Cocina con absoluto derroche


En épocas de incertidumbre como la actual, además de sentirnos descentrados tenemos la tendencia de anclar nuestro pensamiento a lo apocalíptico. Los noticieros no nos dan tregua y la gente de la calle casi se conforma con repetir el desánimo. Esta repetición es una especie de convención social para mantenernos activos en el mercado del intercambio inter humano. Es como si cometiéramos un delito al no quejarnos y temiéramos ser estigmatizados de insensibles.
 
Negarse, sin embargo, a ver lo que ocurre a nuestro alrededor tampoco es una buena fórmula porque es cierto que hay gente desconcertada que necesita urgentemente de apoyo, ilusión y una ingente cantidad de solidaridad. Solidad no reglada, no de ‘onegés’, solidaridad de mirada compartida, de cuidado, de sonrisa y de esperanza.
 
Ayer, era domingo, mi espíritu se había levantado tranquilo aunque con un pequeño dolor de cabeza. Hice el café, su olor me despertó como siempre y me trajo a la mente tantos recuerdos. Mi casa de San Juan, Venezuela, Caracas… y un montón de casas y situaciones en las cuales ese cafecito era el vehículo social para reconocerme en el rostro del otro en una suerte de cotidianidad no forzada ni mediada y en la que se servía el cariño calientico. Recordé al cartero de La Florida, que me decía “Buenos días señora, que olor tan bueno” y al que seguidamente respondí: “¿Quiere un cafecito, maestro?” Este ritual se repitió todos  los miércoles hasta que me vine a España.
 
Al escuchar historias como las que cuenta mi suegra sobre su infancia dura y difícil, cuando de niña iba por los campos arreando vacas, o al escuchar cómo mi suegro había sobrevivido entre cadáveres una noche completa durante la guerra civil española, siempre he notado que esos relatos estaban bañados por el recuerdo más básico: la comida, el hogar, las brasas, el calor…
 
Por ejemplo, mi suegro contaba que cuando por fin llegó al campamento aquella mañana, resucitado entre los muertos, lo primero que tuvo en sus manos fue un puchero con algo caliente como bienvenida.
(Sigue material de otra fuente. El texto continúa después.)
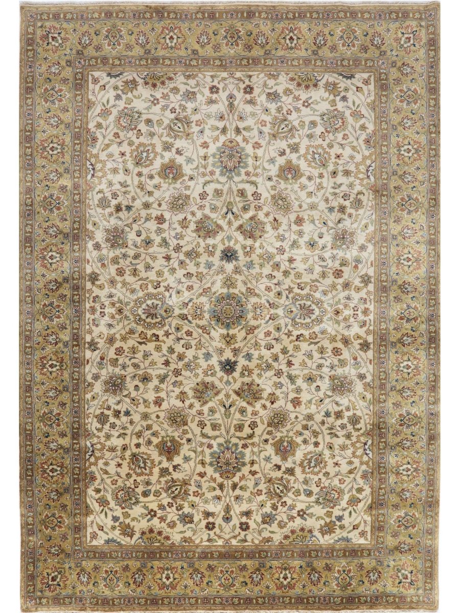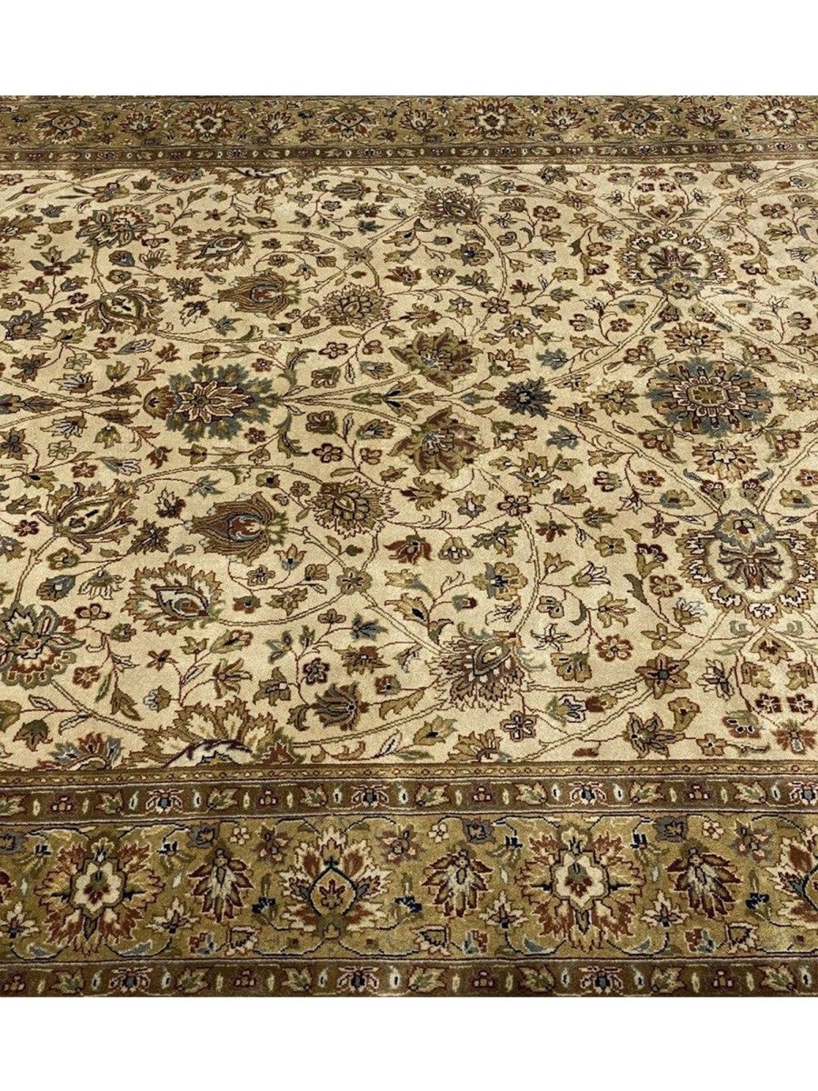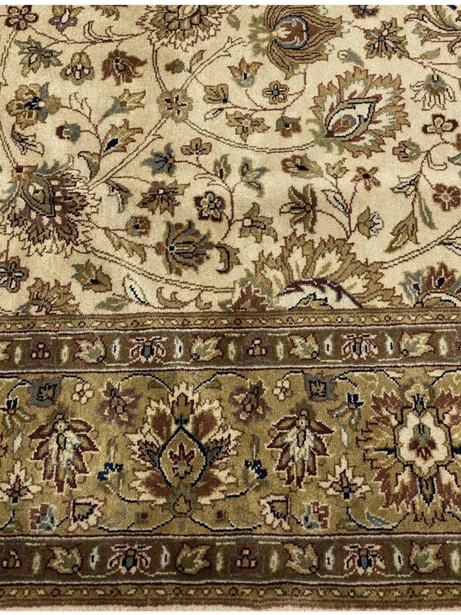 Add a touch of classic beauty to your home with this 6x9 handmade area rug, crafted in India. This rug features a captivating floral pattern with a central medallion, showcasing intricate motifs in a soft light beige, gold, and light blue palette. Composed of durable wool, it ensures longevity and is perfect for living areas, bedrooms, or dining spaces. The intricate border detail reflects expert craftsmanship and enduring design. This piece effortlessly complements, adding warmth, texture, and sophistication. A true blend of artistry and utility, it easily brings heritage charm into any space. Enjoy the benefit of free shipping across the United States. Each rug has one-of-a-kind subtle variations inherent to its creation.

Mi suegra cuenta largas historias sobre cosechas, patatas asadas y garbanzos tostados. El último deseo de mi mamá fue ‘un cafecito caliente’ aunque sólo fuera para mojarse los labios y así lo hizo.
 
La cocina tiene esa magia de la vida. Cocinar no es un arte ni un acto de sofisticación, aunque puede serlo. Cocinar es volver a vivir una y otra vez el ciclo de la vida.
 
Ayer mientras preparaba un asado negro criollo −sólo los caraqueños sabemos a qué me refiero, porque mi asado reproduce al de mi abuela y al de mi mamá, se pelea con el de mi hermana por un primer lugar, compite con el de mi cuñada, pero es, sobre todo el de mi mamá, el del hogar−, un montón de imágenes acudieron a mi encuentro.
 
 
Miro a la sartén y echo un chorro de aceite dorado y precioso que va cambiando de textura y forma, y enseguida el azúcar que hay que dejar quemar pero no demasiado. Este acto me trae a mis cinco o cuatro años cuando veía cómo lo hacía mi mamá y no entendía para qué y le preguntaba y ella tenía la paciencia de contestarme ‘eso es para dorar la carne’. Entonces viene el momento de poner el trozo de muchacho redondo (aquí en España ya he aprendido a hacerlo con lomo de cerdo). Hay que ser sutil en este paso, no hay que tirarlo al aceite o la quemada puede ser de antología: ¡con esa mezcla de caramelo y aceite caliente! Con suavidad la carne comienza a quedarse con el color del caramelo, vierte sus jugos y me quedo observando ese color.
 
No estoy dando una receta, estoy en medio del lugar donde ocurren los milagros: añado tomates troceados rojos hermosos, cebolla, pimiento, ajo, laurel, orégano, pimienta.. y dejo que se fundan con el aceite y el azúcar y añado agua con cuidado. Al rato retiro el trozo de carne, lo corto en rebanadas  mientras el líquido de la sartén va a parar a la licuadora para hacer la salsa. A mí me gusta gruesa con la pulpa de los ingredientes. A la sartén vuelve la salsa y en ella dejaré cocer la carne hasta que está blandita.
 
Creo que sólo un caraqueño puede imaginar en este momento el sabor y el olor que impregnaba mi casa ayer. Pero estoy segura que esto que me sucede a mí con el asado negro, le sucede a todos los que saben que en la cocina no hay que escatimar ni en recuerdos ni en cuidado ni en amor.
 
 
Cocinar está presente en estas épocas de tribulación porque aparece como un antídoto contra el malestar, aparece como lo único que nos puede salvar de la indiferencia y es por eso que, aunque seamos muy pobres o volvamos del frente de la batalla, algo calientico siempre estará esperándonos para recordarnos que estamos vivos y que podemos continuar en este mundo porque alguien cuida de nosotros.
 
 
A esto se llama cocinar con absoluto derroche y es una postura filosófica…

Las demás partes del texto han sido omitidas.